It came as a bit of a shock to learn from Philip Hensher’s review of Body of Work: 40 Years of Creative Writing at UEA (31 December) that there are now nearly 100 institutions of higher education in Britain offering a degree in Creative Writing. I suppose for many it’s a merry-go-round. You get the degree and then you get a job teaching Creative Writing to other aspirants who get a degree and then a job teaching … and so it goes. This, after all, has been the way with art colleges for a long time.

I sometimes think I must be one of the few surviving novelists who has neither studied nor taught Creative Writing. I was, admittedly, long ago, a writer-in-residence at a couple of universities, had indeed the title of Creative Writing Fellow at one of them, but there was no Creative Writing course to teach. I was merely expected to make myself available to any students who were sufficiently interested to come and talk about writing with me, even to show me their work and invite comments. So I sat in a room and waited for callers.

At Edinburgh I was fortunate to be approached by some very talented students, among them Ian Rankin, James Meek and Kathleen Jamie. All were studying for degrees in traditional subjects: English Literature, History, Foreign Languages, Philosophy. Our meetings were enjoyable — for me anyway — but I doubt if I was of any great help to them. All would have become the writers they are if they had never met me. Indeed Kathleen Jamie’s poetry had already won her a Gregory Award.

According to Hensher, a good Creative Writing course can

move a gifted but unconscious writer from the point where he says ‘I don’t know — it just seemed to come out like that’ to where he can say, ‘I see how I did this, and how I can do it again in different terms.’


Perhaps it can indeed do this. ‘Writing, particularly of fiction, is’, as he observes, ‘a matter of dense craft. Characters are structured in particular ways.’

Certainly writing fiction is a craft. You have to consider questions like the point of view — though many good novelists have always switched this as seemed convenient to them. You seek to achieve a balance between narrative, dialogue (which should also often be narrative), reflection, description, sometimes analysis. You should ask yourself questions such as ‘What is the purpose of this piece of description?’ or ‘Should this part of the novel move more quickly?’ You should have read widely and considered how novelists you admire have dealt with technical problems.

Yet too much thought can damage spontaneity. Novels are made as much in the unconscious as by the conscious mind.

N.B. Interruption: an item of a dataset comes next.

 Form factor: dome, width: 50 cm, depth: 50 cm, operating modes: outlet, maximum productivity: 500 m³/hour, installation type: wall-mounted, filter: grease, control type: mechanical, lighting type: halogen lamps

Hensher’s ‘gifted but unconscious writer’ who said, ‘I don’t know — it just seemed to come out like that’ may have been wiser than his later self who understood how he did it and how he might do it again in different terms. Very often your best strokes are made without thought, and a novel may come to life when a character says or does something you didn’t expect, something which therefore took you, and will take the reader, by surprise.

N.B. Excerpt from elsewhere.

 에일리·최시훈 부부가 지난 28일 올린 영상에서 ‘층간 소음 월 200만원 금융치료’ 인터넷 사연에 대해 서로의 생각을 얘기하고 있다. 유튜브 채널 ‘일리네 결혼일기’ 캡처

Reviewing Body of Work Hensher remarks on the number of graduates from the UAE course who did well with a first book, then fell away and faded into oblivion. ‘To sustain a long-term career remains a challenge for any creative programme.’ This is surely an odd way of putting it, for it’s impossible to see how such a programme can do more than set writers on the road. Sustaining a long-term career is their business, not their university’s.

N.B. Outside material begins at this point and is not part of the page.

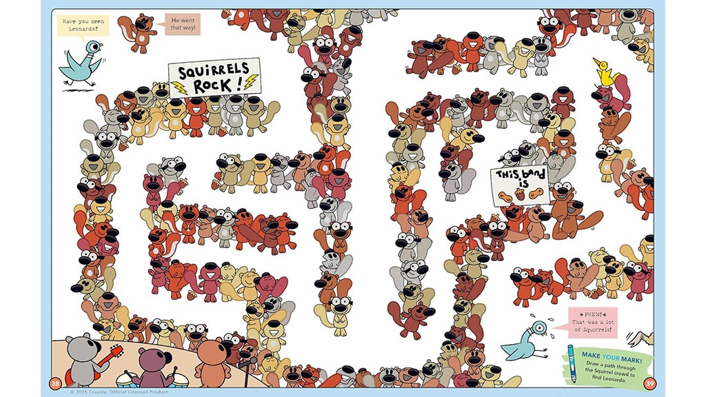 Kniha ponúka deťom viac ako 100 vzrušujúcich aktivít, medzi ktorými sa nachádza napríklad učenie sa kresliť, navigácia v veveričom bludisku, riešenie hádaniek a vyfarbovanie stránok v štýle komiksu. Každá stránka povzbudzuje deti, aby sa vyjadrovali novými spôsobmi, napríklad písaním, varením, tancom alebo tvorbou vlastného umenia. Kniha obsahuje 50 nálepiek a aj vyberateľný plagát, ktorý si deti môžu vyfarbiť a zavesiť do svojej izby. Farebná škála obojstranných fixiek Crayola v balení zodpovedá palete, ktorú Willems používa pre svoje postavy. Táto kniha nie je len zábavná, ale rozvíja aj kreativitu, sebavyjadrenie a schopnosť riešiť problémy, pričom deti zabaví na dlhé hodiny.

All sorts of things may go wrong, in your life as well as in your art or craft. You may exhaust your material and fail to find suitable new material. You may run out of energy, or succumb to depression or alcoholism. Your publisher may lose faith in you. Your best books may fail to please readers. You may make too much money too soon, or too little ever. But it seems harsh to blame a failure to sustain a career on the inadequacies of a Creative Writing programme.

After half a lifetime of writing novels and after having been lucky enough to have published more than 20, I have learned only two things: that there are certain kinds of novels I can’t write, and that I really don’t know any more about how to write a novel than I did when I embarked on the first one to be published. Indeed I sometimes think I know less.